3. The method of claim 1, wherein: step 2 comprises the following two parts;

step 2.1, preprocessing the image, including radiation correction, terrain correction and multi-view processing, to obtain a corrected image; according to the observation model established in the step 1, performing down-sampling processing on the high-resolution image to obtain a low-resolution image, obtaining a high-resolution and low-resolution fully-polarized synthetic aperture radar image pair containing the same ground object by cutting, and constructing a data set;

and 2.2, performing data enhancement on the data set constructed in the step 2.1 to obtain a training data set.

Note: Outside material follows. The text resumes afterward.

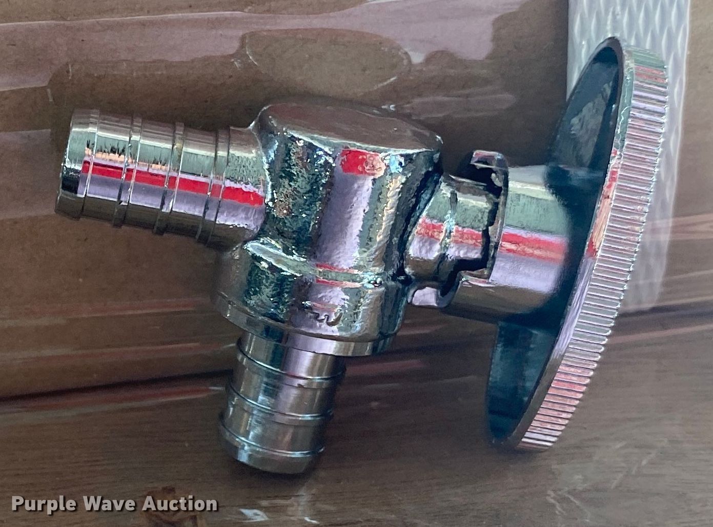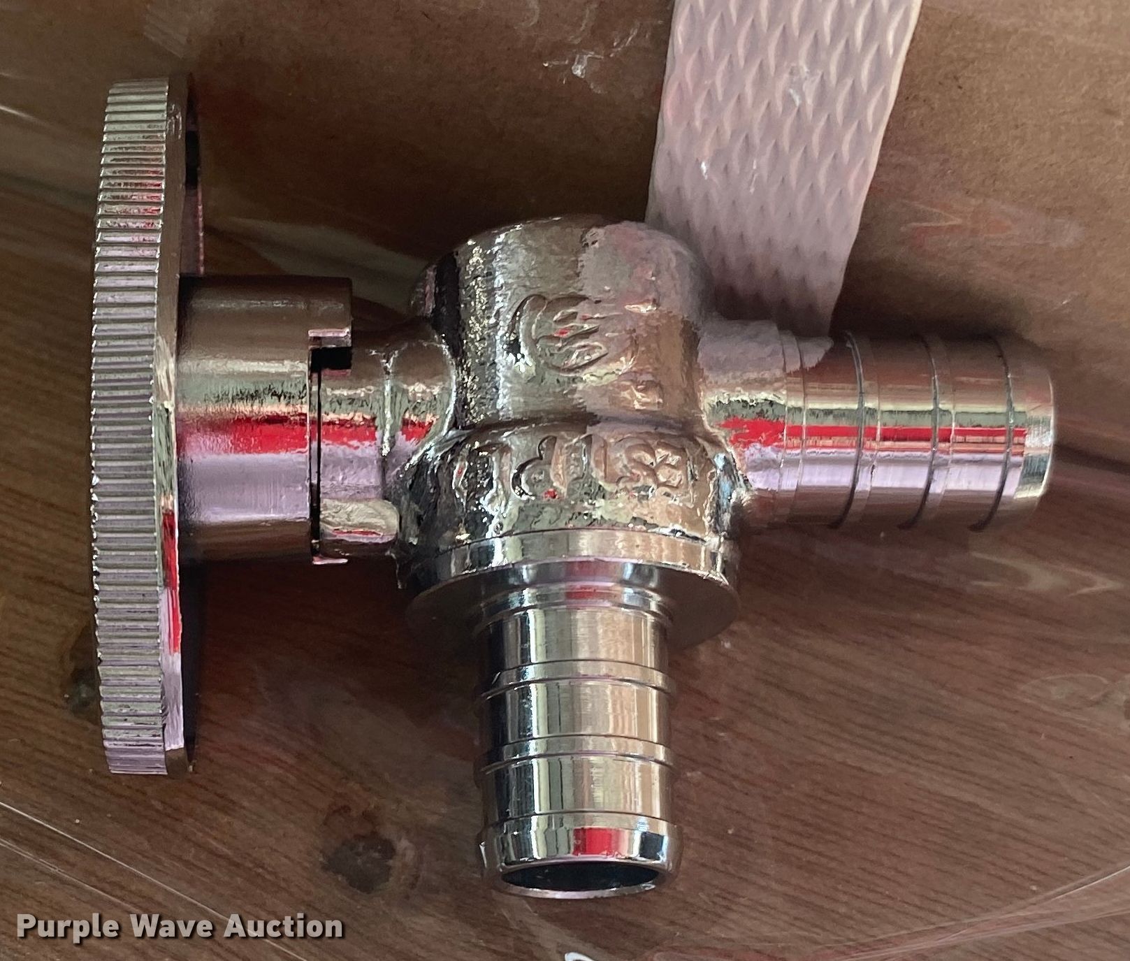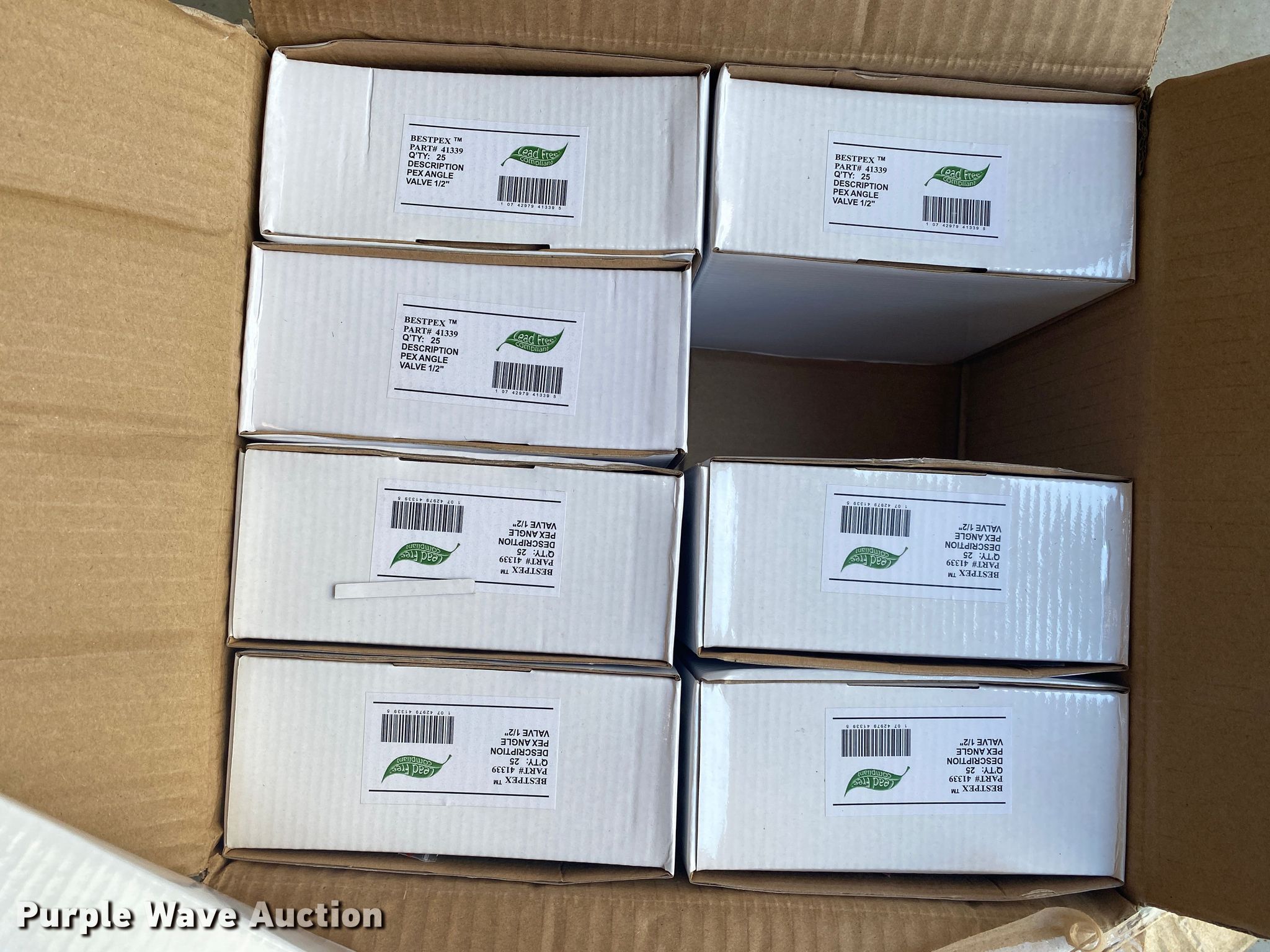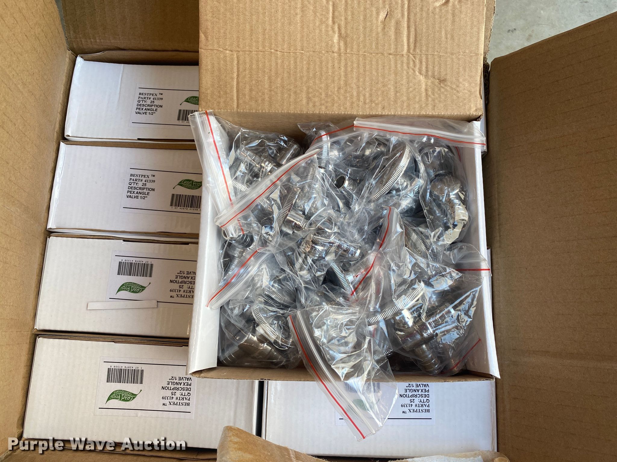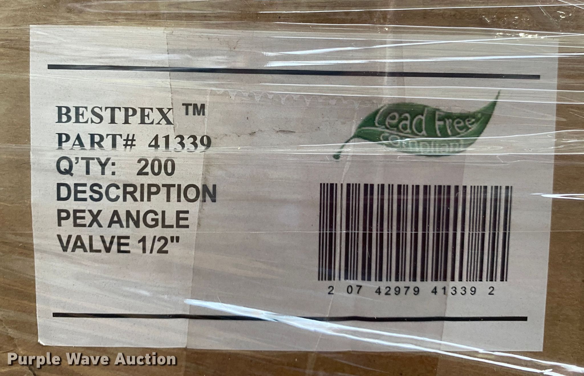 Purple Wave is selling a used Building Materials in Oklahoma. This item is a (45) cases of plumbing parts with the following: Bestpex, Part no: 41339, Pex angle valve, 1/2", 200 pieces per case
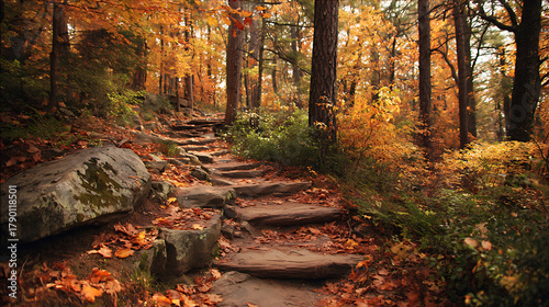 Naklejka premium Autumn forest path with stone steps and fallen leaves image

4. The method of claim 1, wherein: the super-resolution reconstruction network in the step 3 specifically comprises the following steps;

F_hr＝f_us(F_lr) (2)

step 3.2: constructing a spatial attention module, wherein the spatial attention module is used for weighting the spatial weight of the characteristic layer of the fully-polarized synthetic aperture radar and enhancing the spatial resolution of the image of the fully-polarized synthetic aperture radar; the module is defined as:

wherein the content of the first and second substances,

representing feature layers weighted by a spatial attention module,

a layer of spatial attention input features is represented,

a spatial attention weight map is represented,

which represents a convolution operation, the operation of the convolution,

and

step 3.3, constructing a channel attention module, wherein the module is used for weighting the polarization channel weight of the full-polarization synthetic aperture radar characteristic layer and maintaining the polarization information of each channel; the module is defined as:

wherein the content of the first and second substances,

representing feature layers weighted by the channel attention module,

a layer of channel attention input features is represented,

a channel attention weight map is shown,

and

F_s0＝F_fus(F) (9)

F_s1＝f_ds(F_fus(f_us(F))) (10)

wherein, F_s1Representing original downscalingCharacteristic layer, f_ds(.) represents the down-sampling function, f_us(.) represents an upsampling function, and the original scale up feature layer is calculated as follows:

F_s2＝f_us(F_fus(f_ds(F))) (11)

wherein, F_s2Representing an original scale up feature layer;

L_total(Θ)＝αL₁(Θ)+βL₂(Θ) (12)

wherein N represents a training image pair

the L2 loss function is defined as:

5. the method of claim 2, wherein: the training mechanism adopted in step 4 comprises: a supervised training mechanism and a zero throw training mechanism; training the super-resolution reconstruction network by using a supervision type training mechanism to obtain a converged pre-training network, and then further training the pre-training network by using a zero throw type training mechanism to obtain a converged reconstruction network;

6. The method of claim 2, wherein: the overlap area between image pairs in step 2.1 is 20%.

7. The method of claim 2, wherein: the data enhancement in step 2.2 includes rotation by 90 °, rotation by 180 °, rotation by 270 °, and flipping.